Now, I'm not suggesting this started out with some sort of conspiracy. Police may have been at the end of a long shift (and it is a disgrace that many US police are not paid for their overtime) or just had a rough experience with somebody far more sinister. On the other hand, there may have been a mistake, gaps in police training or an inappropriate use of a procedure that is not always justified, like a strip search, that causes profound suffering for many victims.

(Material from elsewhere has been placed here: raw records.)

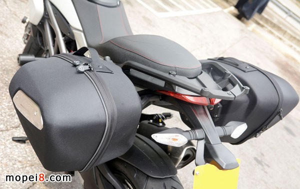巡航化后的Hyperstrada,性能依旧强猛,但个性圆润了,更适合双骑和中长途驾驶。最明显是升高了的把手和低座位,改变了整个驾驶姿势,把手和座位之间的距离也更接近,上身也更挺直。配合高风档,让人有一种陷入车身的感觉,不似motard版像坐在车顶油缸上的感觉。Strada版的头尾避震反应也比较柔韧,舒适性同步提高。原装跟车除了有一对可收纳full size头盔的侧袋之外,乘客扶手架也预留安装尾箱的扩充性机能。
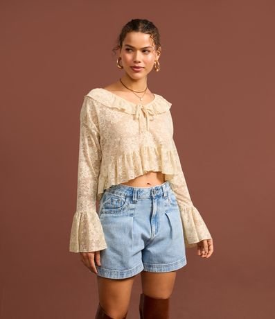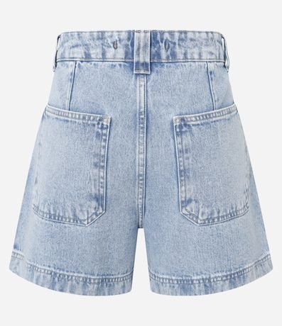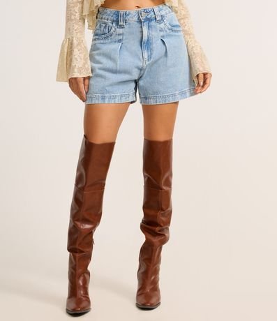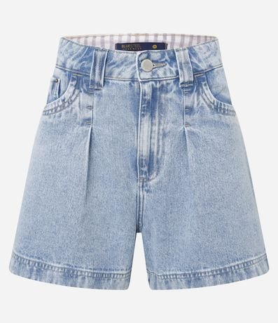 Ref: Short mom confeccionado em jeans, preguinhas frontais, bolsos frente e costas, passantes no cós e estampa no cós interno.
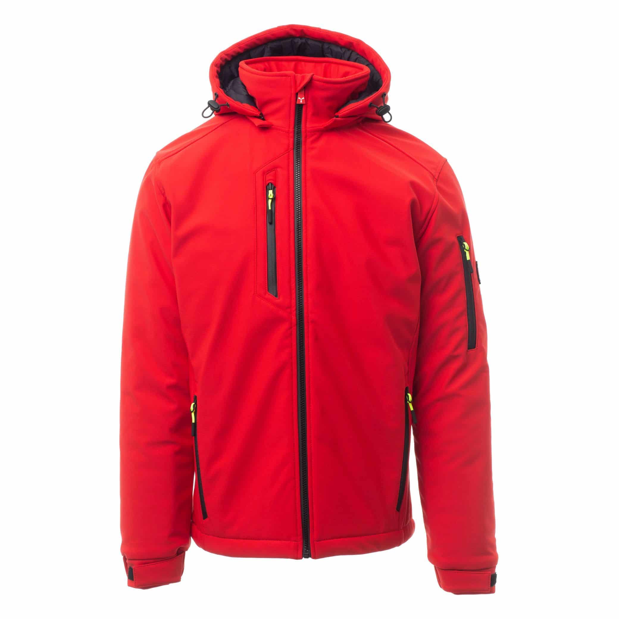 WP 8000 mm H₂O, MVP 5000 g/m² 24 h. Wattierte Herren-Softshell, SBS-Reißverschluss mit „Semi-Auto-Lock“-Metallschieber und personalisiertem Schiebergriff. Abtrennbare Kapuze mit regulierbarem Kordelzug. Innenkragen mit seitlichen Fleeceeinsätzen. Reflexstreifen hinten über der Taille und auf der Rückseite der Kapuze. Elastische Ärmelbündchen mit Klettverschluss zur Weitenregulierung. 2 Seitentaschen mit Reißverschluss, 1 Brusttasche mit beschichtetem Reißverschluss und 1 Tasche mit Reißverschluss und integriertem Stifthalter auf dem linken Arm. Fluoreszierende Schiebergriffe. 1 Innentasche mit einfacher Paspel und Klettverschluss. Regulierbare Taille mit personalisierbaren Stoppern.
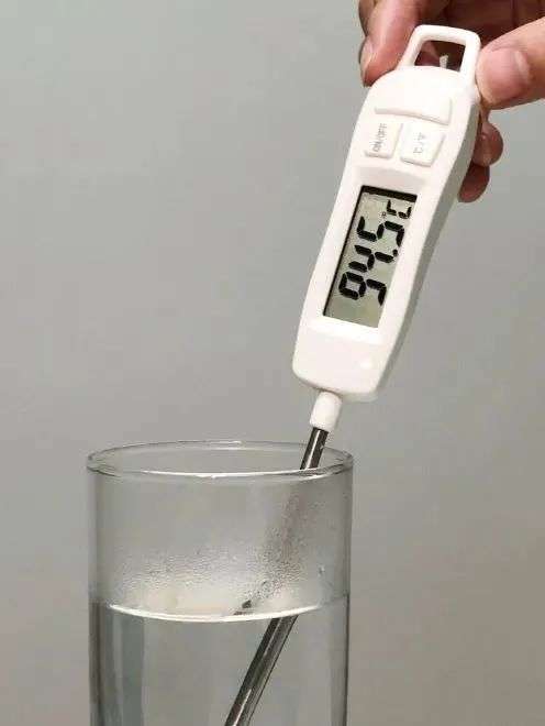 刚烧的开水倒进杯子里,温度是 94 ℃ 左右,放置了约 15 分钟,才降到 65 ℃ 。
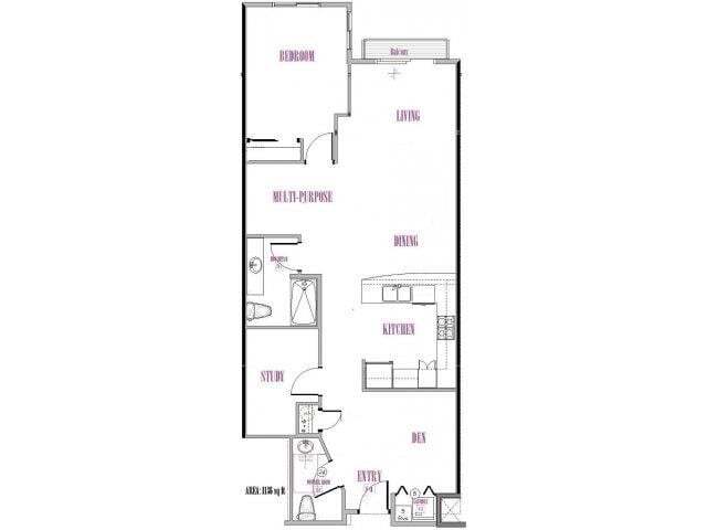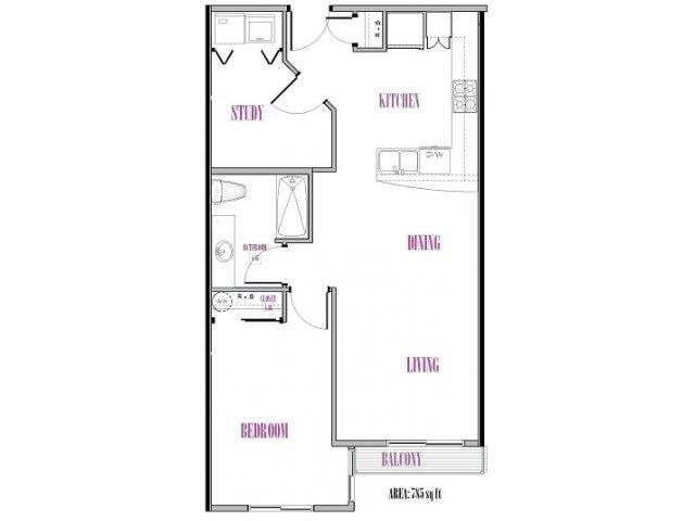 Estudio, 1 Baño, 865 pies²Galería del Modelo
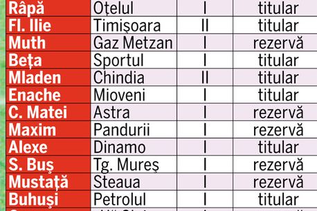 Râpă, Beța, Enache, Alexe. Ei patru încep de regulă meciurile echipelor lor de club aliniați la centrul terenului, ceilalți fie vin din ligi inferioare, fie la startul partidelor sunt în trening, pe bancă, fie, mai rău, în tribună. Dintre cei patru, OK ca statut sunt doar Râpă, om de Champions League, și Alexe, component al liderului. Ceilalți doi, Enache și Beța, sunt titulari la echipe slabe, de coada clasamentului, Mioveni și Sportul. Buhuși, rezervă la Nantes, a evoluat în ultimele partide ale Petrolului, Muth apare la Mediaș când titularii de drept au probleme sau sunt odihniți, ca și Cosmin Matei la Astra sau Sergiu Buș la Tg. Mureș.
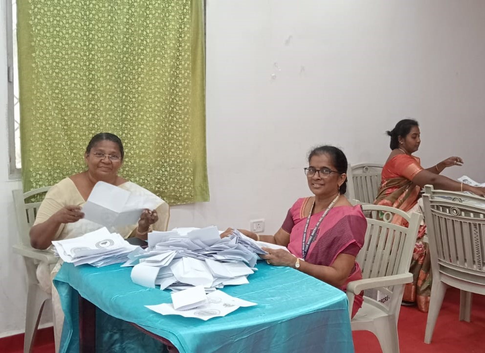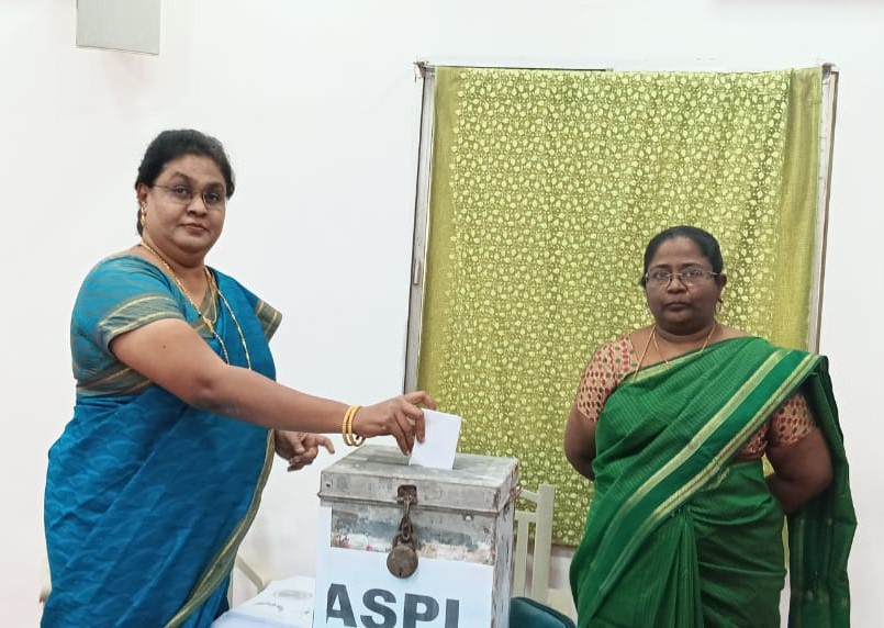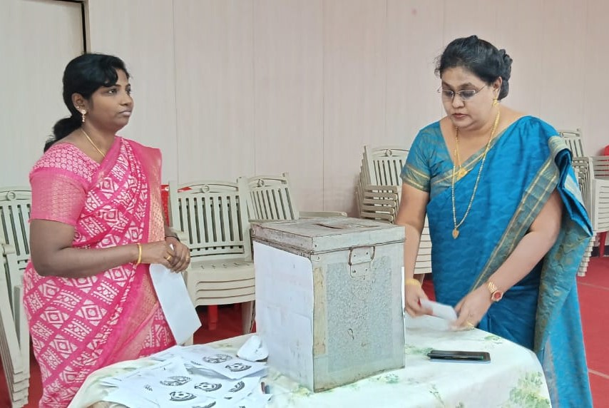 Nominated students gave their speech which was followed by election. Students from classes IX, X and XI participated in the election. The Principal and the staff members also participated and voted.
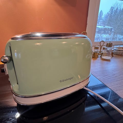 Selger min fine lyseblå brødrister fra merket Ariete. Den har plass til to skiver, seks nivåer for innstilling av ristingsgrad og avtagbar smulesamler. Rustfritt stål.
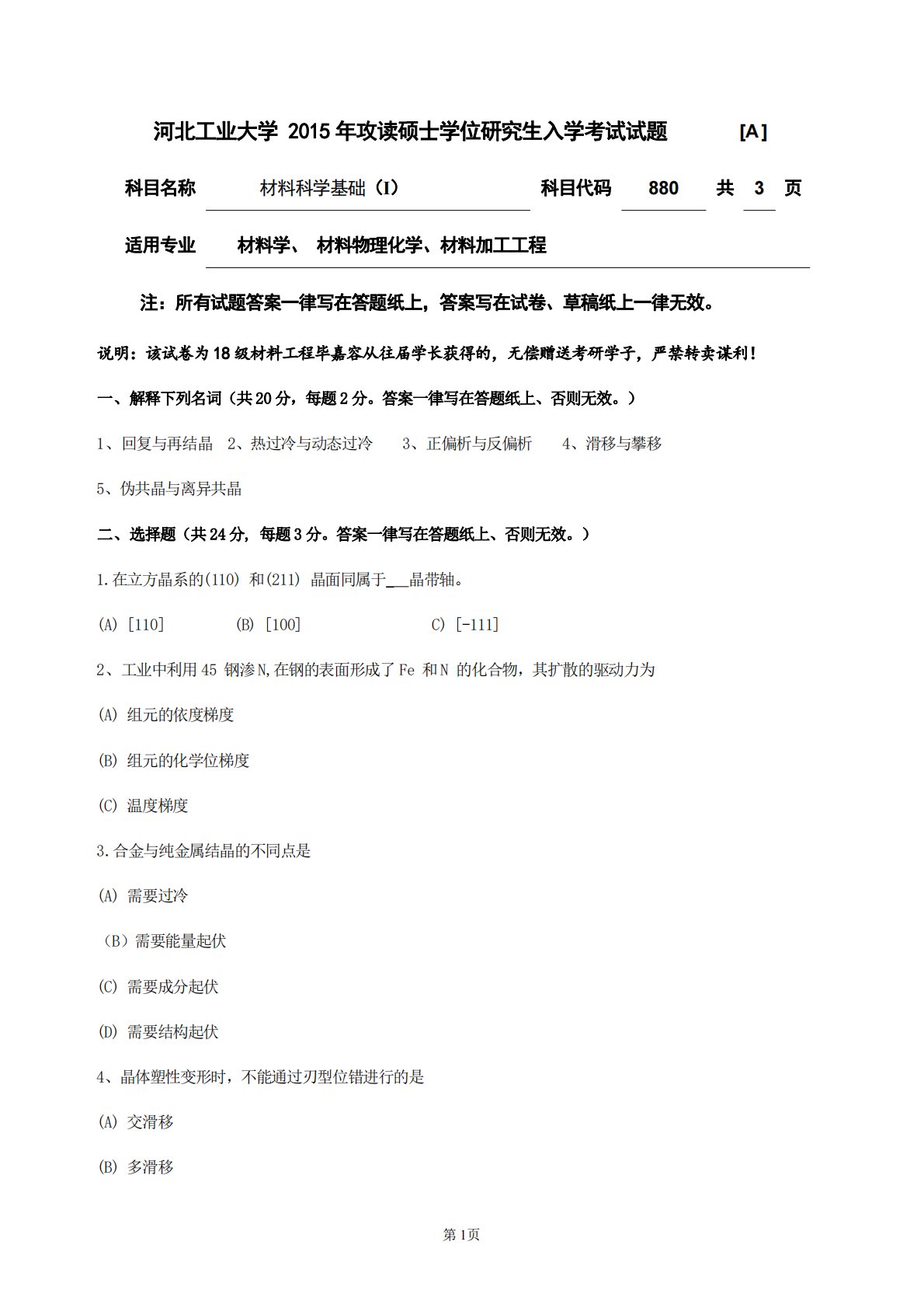 第1页河北工业大学2015年攻读硕士学位研究生入学考试试题[A]科目名称材料科学基础(І)科目代码880共3页适用专业材料学、材料物理化学、材料加工工程注:所有试题答案一律写在答题纸上,答案写在试卷、草稿纸上一律无效。说明:该试卷为18级材料工程毕嘉容从往届学长获得的,无偿赠送考研学子,严禁转卖谋利!一、解释下列名词(共20分,每题2分。答案一律写在答题纸上、否则无效。)1、回复与再结晶2、热过冷与动态过冷3、正偏析与反偏析4、滑移与攀移5、伪共晶与离异共晶二、选择题(共24分,每题3分。答案一律写在答题纸上、否则无效。)1.在立方晶系的(110)和(211)晶面同属于_晶带轴。(A)[110...
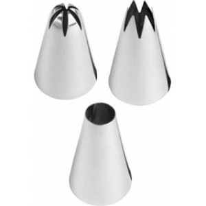 Sada obsahuje špičky na zdobení muffinů, zdobící sáček a spojku.
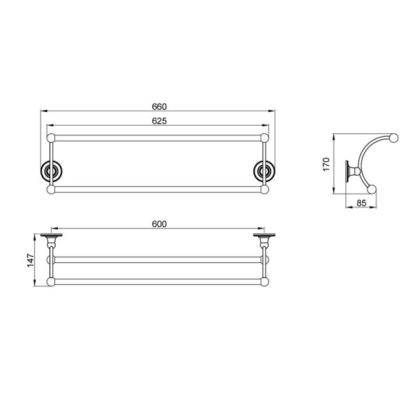 Двойной полотенцедержатель выполнен в классическом стиле (ретро).
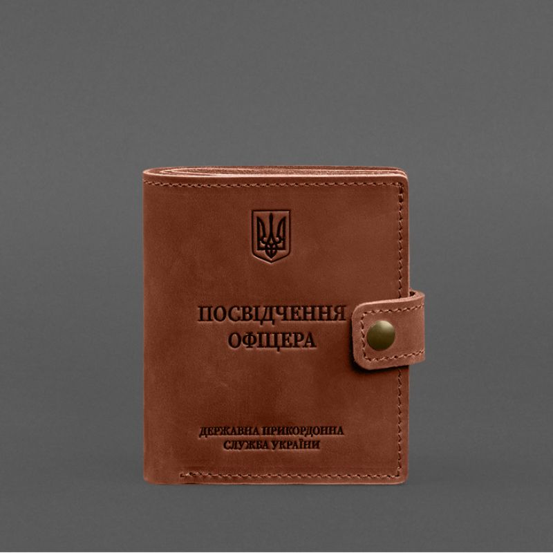 Кожаная обложка-портмоне для удостоверения офицера ДПСУ 11.2 светло-коричневая Crazy Horse

A select number of US police forces have been shamed around the world for a series of incidents of extreme violence in recent times, including the death of Michael Brown in Ferguson, shooting Walter Scott in the back, death of Freddie Gray in Baltimore and the attempts of Chicago's police to run an on-shore version of Guantanamo Bay. Beyond those highly violent incidents, the world has also seen the abuse of Ahmed Mohamed, the Muslim schoolboy arrested for his interest in electronics and in 2013, the suicide of Aaron Swartz which appears to be a direct consequence of the "Justice" department's obsession with him.

What have the police learned from all this bad publicity? Are they changing their methods, or just hiring more spin doctors? If that is their response, then doesn't it leave them with a cruel advantage over those people who were deceased?

Isn't it standard practice for some police to simply round up anybody who is a bit lost and write up a charge sheet for resisting arrest or assaulting an officer as insurance against questions about their own excessive use of force?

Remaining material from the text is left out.